I'm very new to Marpa but, from its description, it looks extremely awesome.

I'm also done playing with the beginner's example of the expression calculator; was also able to make small changes to it. So far, so good.

However, now, I'm trying to write a Java 8 Parser using the grammar published here:
    https://docs.oracle.com/javase/specs/jls/se8/html/jls-19.html

While I think I'm able to map the above Oracle grammar spec to the G1 rules (if I stub out some of the lexemes referenced the G1 rules) and create an instance of Marpa::R2::Scanless::G, I'm having a hard time writing the L0 lexer rules in SLIF for the Lexer grammar.  Some issues that I will need to (but don't know how to) deal with are:

1. Keyword vs Identifier:

  The Java spec defines Identifier thus:
Identifier:
IdentifierChars:
JavaLetter:
any Unicode character that is a "Java letter"
JavaLetterOrDigit:
any Unicode character that is a "Java letter-or-digit"
  So, how do I do the "not a Keyword or BooleanLiteral or NullLiteral" part? In Perl regex, one could do a negative lookahead assertion like so...
   
if (m/ (?! $Keyword | $BooleanLiteral | $NullLiteral ) $IdentifierChars /x) {
   
# this is an Identifier
}


... but only if Marpa allowed such a rich, Perl regex syntax. Which it doesn't, apparently, in SLIF.

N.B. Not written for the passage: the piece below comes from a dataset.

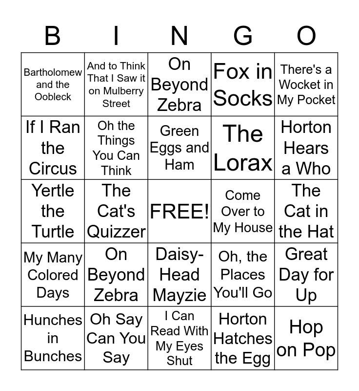 This bingo card has a free space and 24 words: On Beyond Zebra, Oh Say Can You Say, Green Eggs and Ham, Hunches in Bunches, There's a Wocket in My Pocket, Bartholomew and the Oobleck, If I Ran the Circus, And to Think That I Saw it on Mulberry Street, Come Over to My House, Daisy-Head Mayzie, The Lorax, Yertle the Turtle, Oh, the Places You'll Go, Great Day for Up, Oh the Things You Can Think, Horton Hatches the Egg, The Cat in the Hat, On Beyond Zebra, Horton Hears a Who, The Cat's Quizzer, Hop on Pop, My Many Colored Days, Fox in Socks and I Can Read With My Eyes Shut.

2. Comment (single- and multi-line versions)
I could write a bunch of G1 rules to handle the multi-line Java comment, but I'm seeing it becoming very verbose. Is there an easier way to handle stuff like this in SLIF?
 
3. Since Marpa is Perl-based, is it possible to tap the full power of Perl regex engine, especially for lexing?

4. Notice that Java 8 spec for recognizing tokens is in the form of a Lexer grammar... that is written in BNF style instead of a 'flat', regex style. If I were to mechanically replicate the Lexer grammar using G1 rules (instead of L0 rules), would it entail a performance and space overhead by creating unnecessary tree nodes for what would otherwise be a flat lexeme in bison/flex?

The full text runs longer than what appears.